Esquecida, revolução que derrubou monarquia russa completa 100 anos

IGOR GIELOW
DE SÃO PAULO

"A revolução de 1917? Claro que estudamos isso!", responde, algo surpresa pela pergunta, a tradutora russa Alina Pogudina, 30. "Ah, não, verdade. Esta é a outra, a esquecida", completa, informada de que o objeto da conversa é a Revolução de Fevereiro, e não a de Outubro, em que Vladimir Lênin instaurou o comunismo na Rússia.

Na próxima quarta-feira (8) será comemorado o centenário da primeira das duas revoluções. Só que a insurreição de fevereiro, pelo calendário vigente então, mal sobrevive às brumas do tempo.

Moradora de Khabarovsk (Sibéria), Alina nasceu nos estertores da União Soviética, o Estado formado em 1922 após a sangrenta guerra civil que teve sua origem naquele fevereiro de 1917. Na escola, o tema pouco era abordado.

"Foi uma revolução antimonárquica e democrática que liberou a maior parte das forças sociais. Ela minou o Estado e permitiu que os bolcheviques tomassem o poder com uma força relativamente pequena, mas organizada e militante", afirma o britânico Orlando Figes, 57, um dos principais historiadores dedicados à Rússia.

O governo provisório tinha maioria liberal, e foi integrado por socialistas moderados que queriam reformas progressivas e manter a Rússia na guerra, entre outras coisas para continuar a aliança com França e Reino Unido.

A maioria da esquerda disputou o poder formando o Soviete (Conselho) de Petrogrado. Os chamados mencheviques, rivais dos bolcheviques, tinham mais espaço no fórum e acreditavam na revolução em dois tempos, com uma etapa capitalista abrindo caminho ao socialismo.

Lênin estava exilado na Suíça, voltou de trem a Petrogrado pelas mãos da Alemanha, a quem prometera sair da guerra –o que de fato fez em 1918. O conflito seguia minando o instável governo provisório, por fim liderado pelo socialista moderado Alexander Kerênski (1881-1970).

Em outubro, novembro no calendário atual, as divisões de poder, a pressão popular pelo fim da guerra e uma tentativa fracassada da aristocracia militar de tomar o poder deram condições para que os bolcheviques dessem um golpe político interno.

Foi praticamente pacífico, com apoio da soldadesca em Petrogrado, mas também o prelúdio da guerra que matou 1,5 milhão de combatentes e talvez 8 milhões de civis.

O embate entre "vermelhos", bolcheviques e outras facções radicais, e "brancos", a ala mais à direita do governo provisório e aliados diversos, marcou a Rússia.

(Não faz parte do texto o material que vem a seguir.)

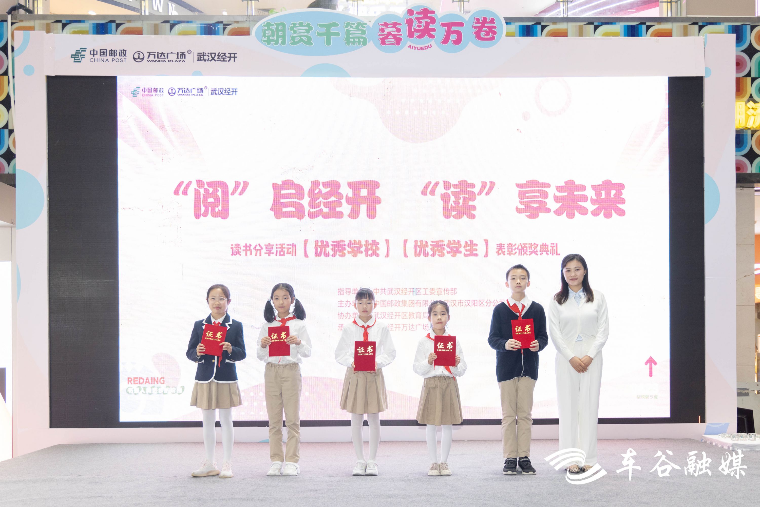 活动现场,2023年“‘阅’启经开‘读’享未来”图书巡展活动中的优秀示范学校和优秀学生代表现场被授予荣誉奖章,优秀学生代表上台分享阅读体会。

"Uns veem a revolução como o começo de uma grande civilização, outros como uma catástrofe. O país está lutando hoje um tipo de guerra civil ideológica entre os descendentes de 'vermelhos' e de 'brancos'", diz Figes.

Para ele, o fato de que as revoluções não são parte do calendário oficial de comemorações na Rússia de Vladimir Putin mostra a dificuldade em lidar com a questão.

"Putin talvez tenha se entregado quando trouxe de volta à Rússia os restos do líder 'branco' Anton Denikin (1872-1947). Mas ele não quer muita conversa sobre revolução porque teme uma."

Não só ele. Ao longo dos quase 70 anos da União Soviética, não se viram monumentos a fevereiro de 1917 espalhados pelo país. Mesmo o existente no Campo de Marte, em São Petersburgo, foi absorvido por um maior de estética e narrativa comunistas, tornando indiferenciável a lembrança celebrada ali.